*** Opening Exercise data ***

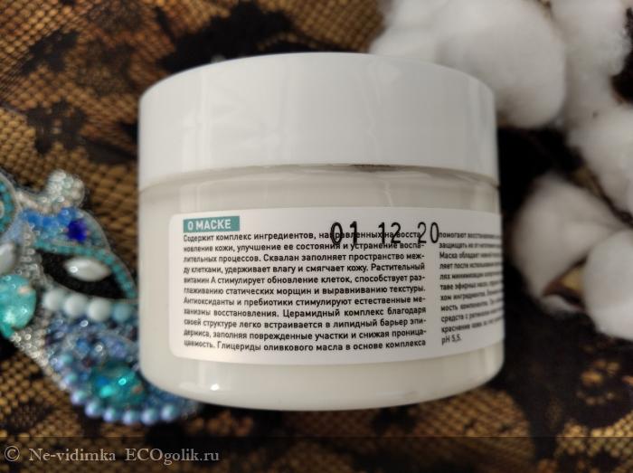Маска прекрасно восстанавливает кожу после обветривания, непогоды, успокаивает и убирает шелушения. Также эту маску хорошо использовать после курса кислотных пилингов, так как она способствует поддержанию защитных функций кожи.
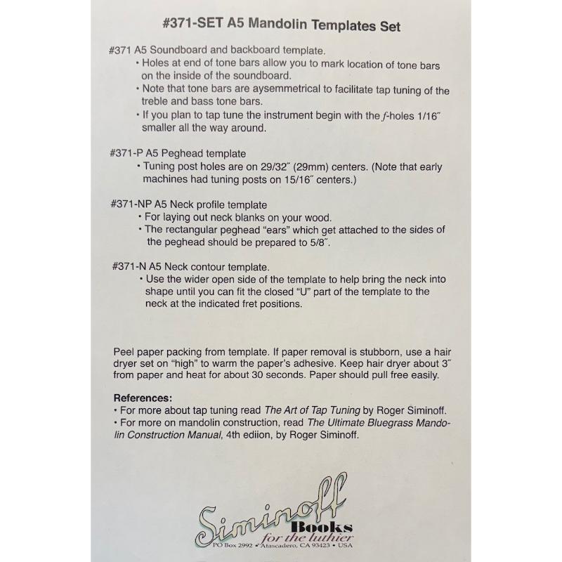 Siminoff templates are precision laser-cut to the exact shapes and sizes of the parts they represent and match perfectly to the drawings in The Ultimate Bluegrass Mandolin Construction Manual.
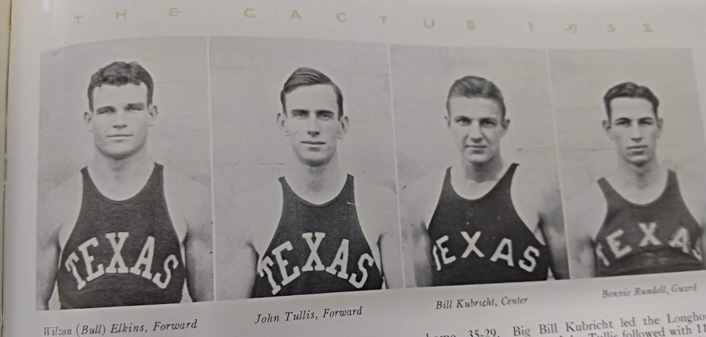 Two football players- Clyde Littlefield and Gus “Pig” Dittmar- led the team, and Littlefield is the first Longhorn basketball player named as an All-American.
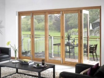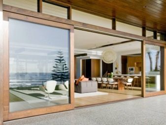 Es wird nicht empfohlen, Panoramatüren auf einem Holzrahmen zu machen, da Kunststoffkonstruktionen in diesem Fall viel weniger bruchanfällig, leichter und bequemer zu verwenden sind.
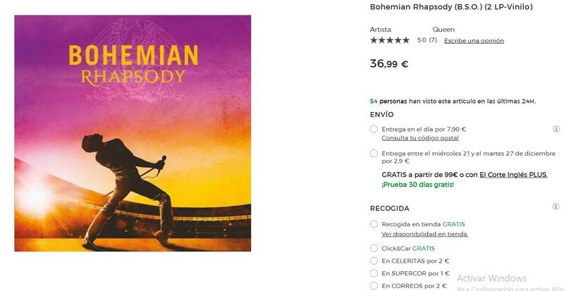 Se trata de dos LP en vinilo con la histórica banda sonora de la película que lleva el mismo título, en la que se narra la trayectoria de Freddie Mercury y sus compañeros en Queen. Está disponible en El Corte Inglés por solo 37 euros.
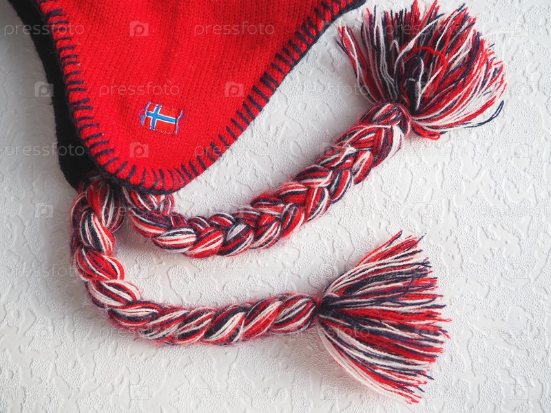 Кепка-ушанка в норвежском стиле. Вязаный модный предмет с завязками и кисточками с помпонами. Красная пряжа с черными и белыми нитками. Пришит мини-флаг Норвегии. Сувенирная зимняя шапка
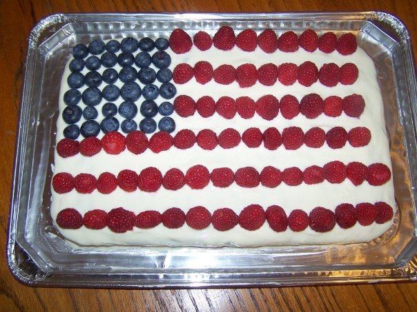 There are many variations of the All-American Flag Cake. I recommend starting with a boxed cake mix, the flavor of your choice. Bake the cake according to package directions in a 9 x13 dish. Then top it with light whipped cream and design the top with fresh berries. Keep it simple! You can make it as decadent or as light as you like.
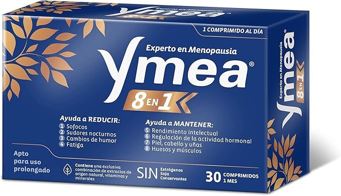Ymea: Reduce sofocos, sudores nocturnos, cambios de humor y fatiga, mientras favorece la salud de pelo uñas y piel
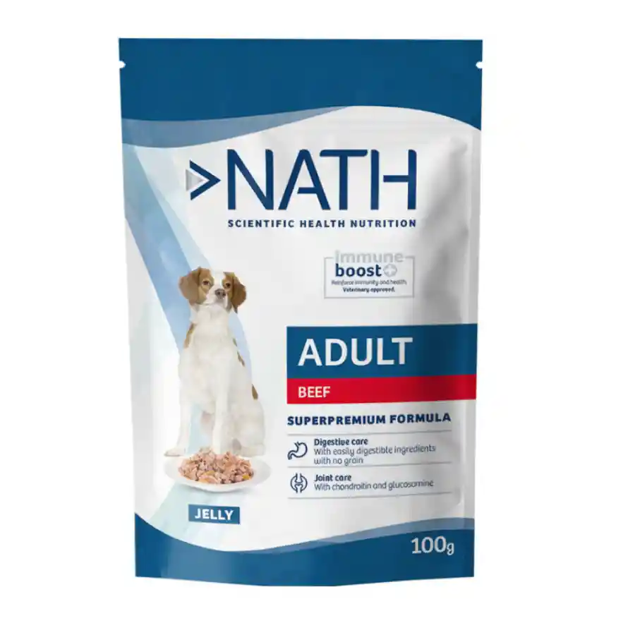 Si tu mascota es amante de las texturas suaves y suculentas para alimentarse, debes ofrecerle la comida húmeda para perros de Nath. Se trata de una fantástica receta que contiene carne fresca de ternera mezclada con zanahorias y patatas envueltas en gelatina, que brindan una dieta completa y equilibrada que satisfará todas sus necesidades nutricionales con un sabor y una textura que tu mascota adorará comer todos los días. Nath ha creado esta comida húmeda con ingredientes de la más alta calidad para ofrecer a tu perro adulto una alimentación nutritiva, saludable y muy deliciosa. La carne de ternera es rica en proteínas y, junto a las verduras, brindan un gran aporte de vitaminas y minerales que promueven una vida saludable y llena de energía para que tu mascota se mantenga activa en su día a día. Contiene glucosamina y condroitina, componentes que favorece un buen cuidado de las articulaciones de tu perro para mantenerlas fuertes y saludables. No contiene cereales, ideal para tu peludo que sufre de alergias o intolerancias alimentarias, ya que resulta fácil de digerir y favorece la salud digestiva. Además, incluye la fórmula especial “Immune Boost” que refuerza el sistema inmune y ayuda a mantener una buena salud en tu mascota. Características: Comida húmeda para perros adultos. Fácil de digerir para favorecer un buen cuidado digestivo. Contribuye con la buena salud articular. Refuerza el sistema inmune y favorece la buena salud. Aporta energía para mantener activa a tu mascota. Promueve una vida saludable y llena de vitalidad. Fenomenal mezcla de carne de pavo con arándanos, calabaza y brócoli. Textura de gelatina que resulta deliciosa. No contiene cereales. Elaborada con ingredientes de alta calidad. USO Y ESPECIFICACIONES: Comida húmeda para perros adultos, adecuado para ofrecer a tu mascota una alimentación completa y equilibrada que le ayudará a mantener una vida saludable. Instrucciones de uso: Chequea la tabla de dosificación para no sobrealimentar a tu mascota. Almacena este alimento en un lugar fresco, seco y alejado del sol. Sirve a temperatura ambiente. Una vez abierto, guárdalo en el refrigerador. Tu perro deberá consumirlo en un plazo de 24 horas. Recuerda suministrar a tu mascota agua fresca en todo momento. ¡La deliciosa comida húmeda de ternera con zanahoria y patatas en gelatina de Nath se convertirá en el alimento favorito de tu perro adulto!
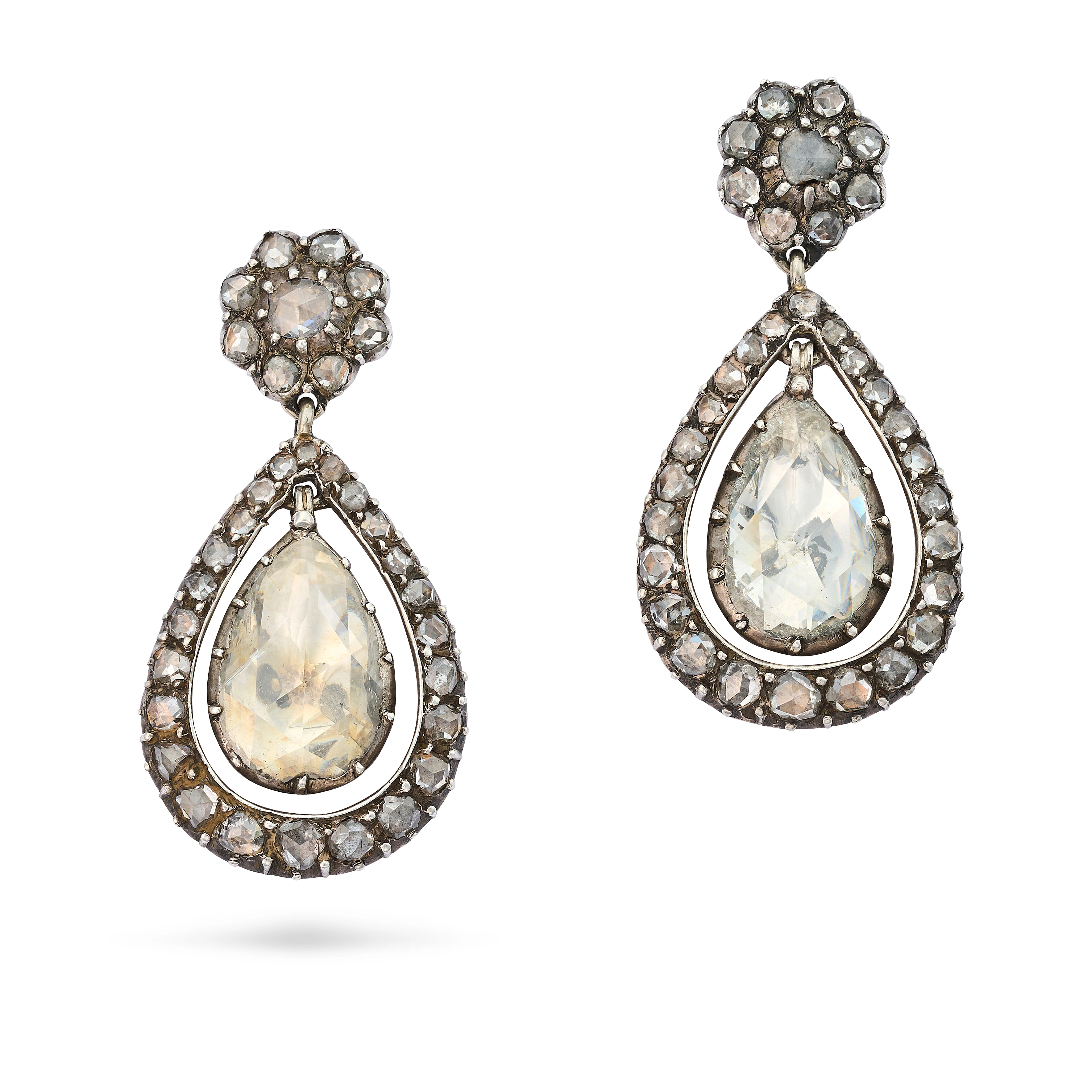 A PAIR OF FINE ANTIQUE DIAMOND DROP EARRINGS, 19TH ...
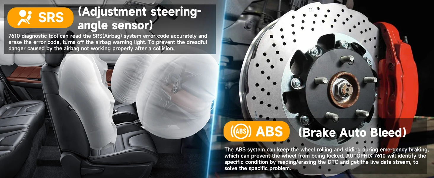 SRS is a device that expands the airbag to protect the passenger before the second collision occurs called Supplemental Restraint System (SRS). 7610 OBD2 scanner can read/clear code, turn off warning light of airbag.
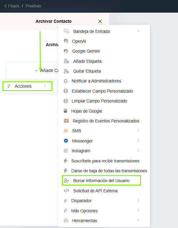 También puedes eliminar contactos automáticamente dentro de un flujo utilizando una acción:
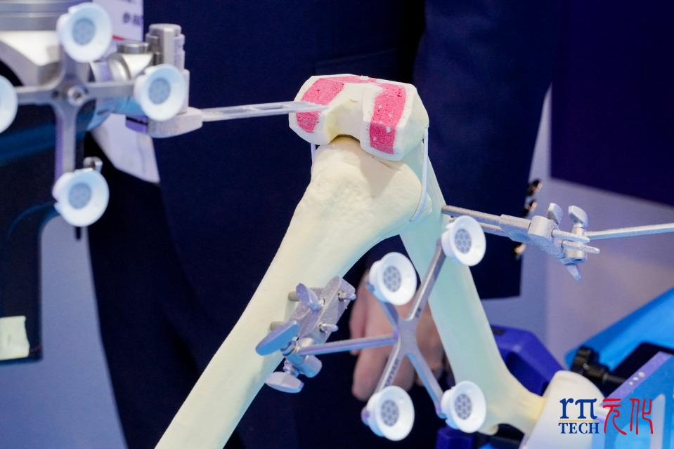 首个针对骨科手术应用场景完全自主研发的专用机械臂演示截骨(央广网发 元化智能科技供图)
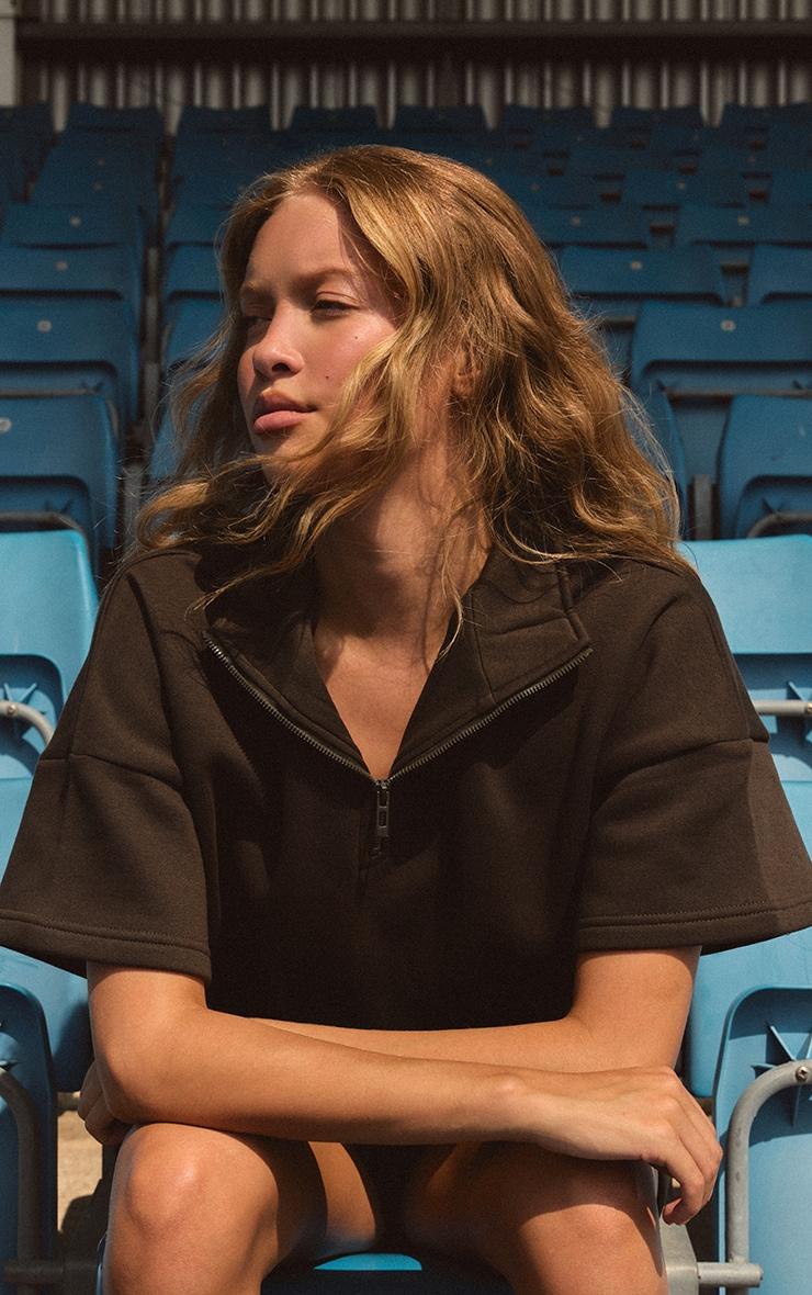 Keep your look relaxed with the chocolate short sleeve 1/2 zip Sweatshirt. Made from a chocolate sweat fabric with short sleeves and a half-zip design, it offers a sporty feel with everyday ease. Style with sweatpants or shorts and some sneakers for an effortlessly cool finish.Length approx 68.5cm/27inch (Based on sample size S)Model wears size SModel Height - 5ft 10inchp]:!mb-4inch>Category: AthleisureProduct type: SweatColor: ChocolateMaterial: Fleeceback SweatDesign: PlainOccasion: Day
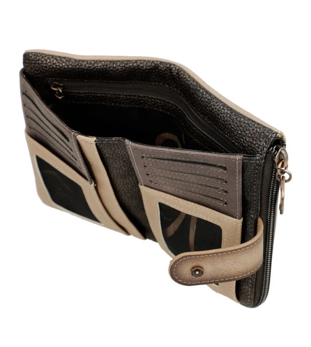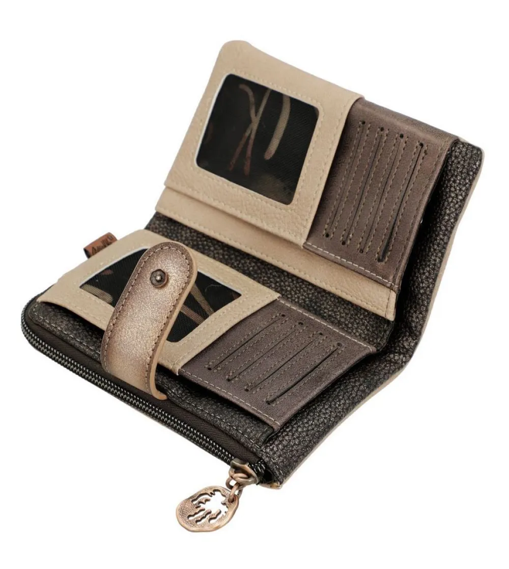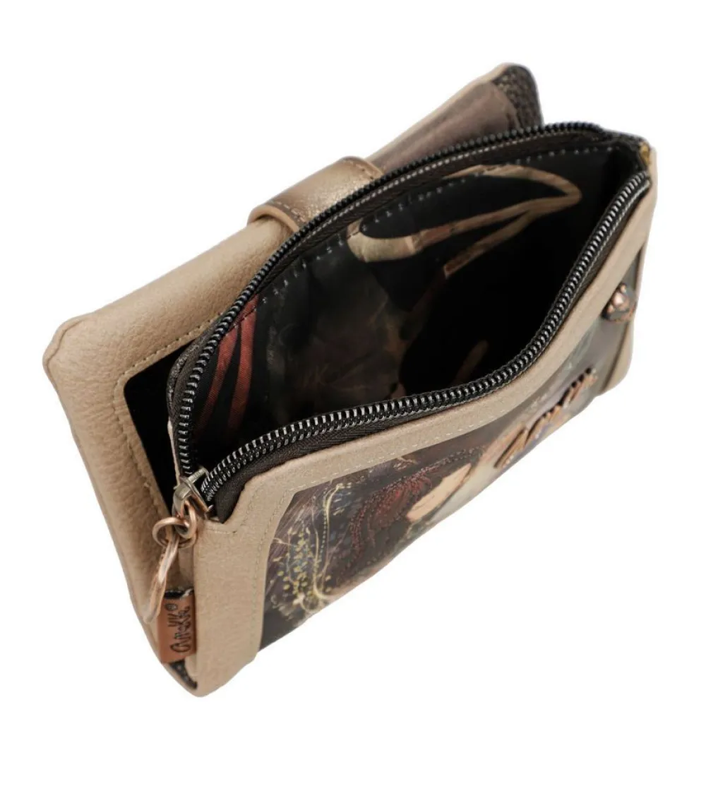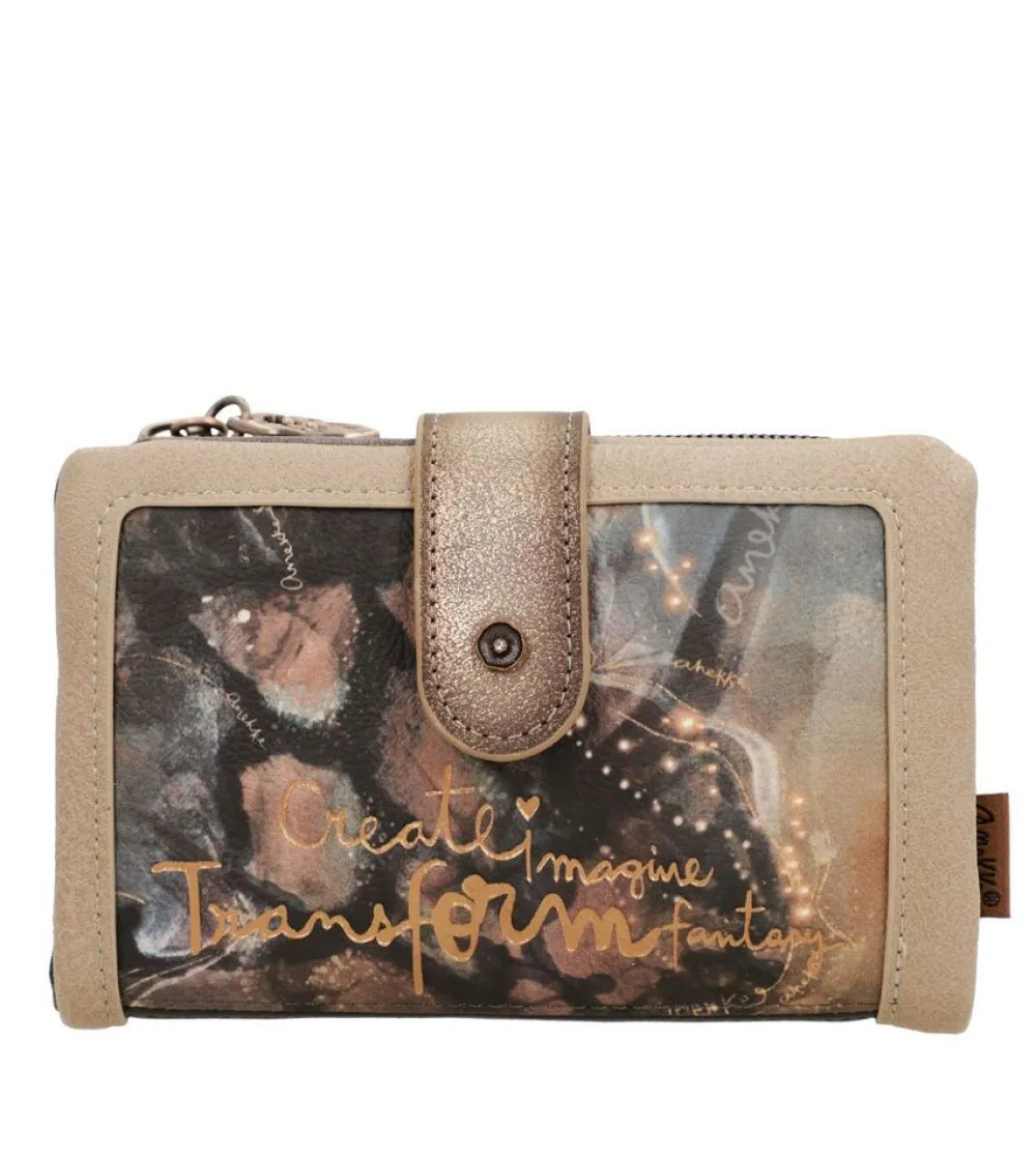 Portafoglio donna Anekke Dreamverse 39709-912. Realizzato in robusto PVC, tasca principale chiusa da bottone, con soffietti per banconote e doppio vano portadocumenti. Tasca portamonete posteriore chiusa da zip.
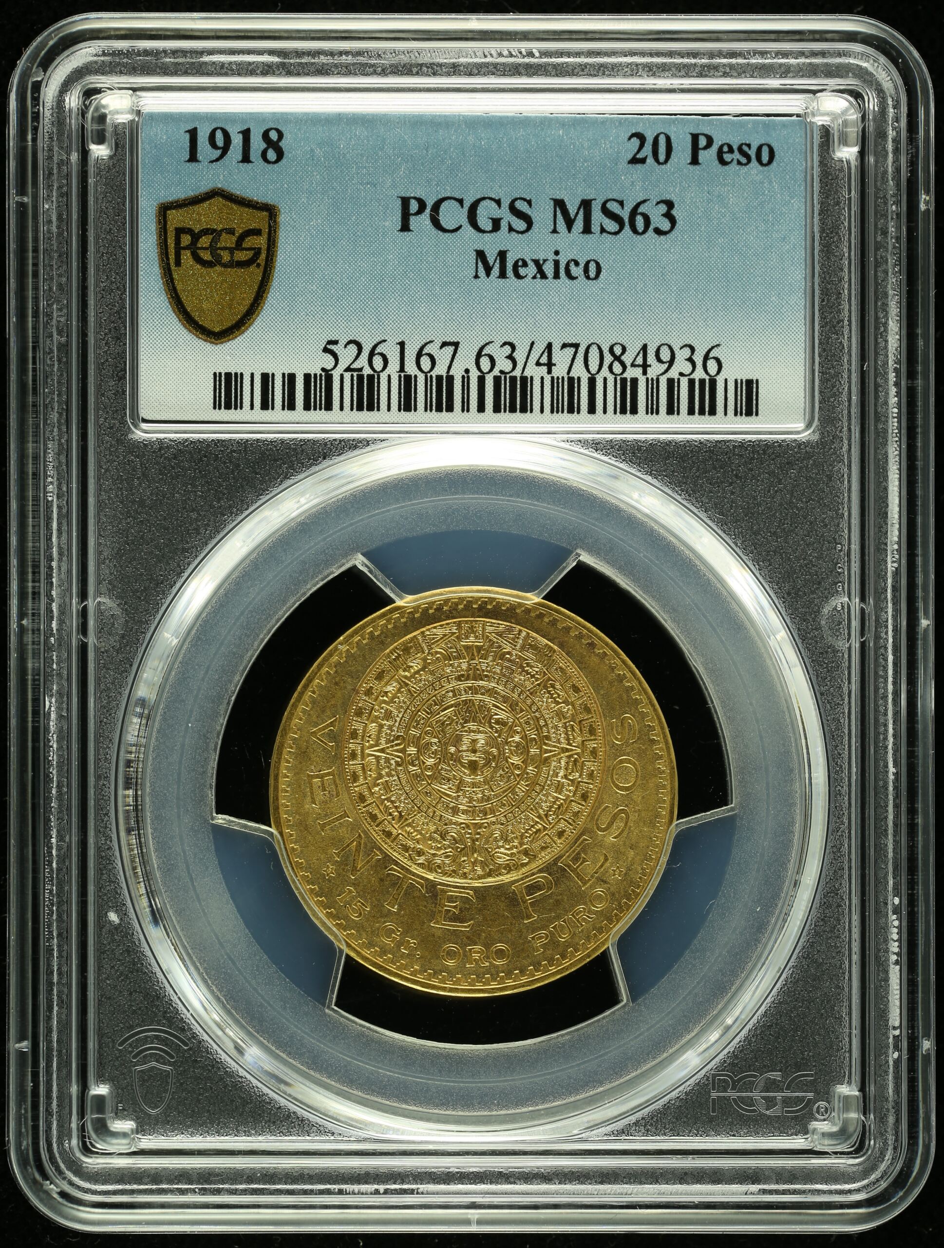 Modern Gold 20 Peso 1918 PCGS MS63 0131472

*** Closing Exercise data ***

◆ Exercise objective ◆
Only the lines from the one with "Portafoglio donna Anekke" through the end of the listing above should be output, exactly as written and with no pictures.

◆ Answer section ◆
 Portafoglio donna Anekke Dreamverse 39709-912. Realizzato in robusto PVC, tasca principale chiusa da bottone, con soffietti per banconote e doppio vano portadocumenti. Tasca portamonete posteriore chiusa da zip.
 Modern Gold 20 Peso 1918 PCGS MS63 0131472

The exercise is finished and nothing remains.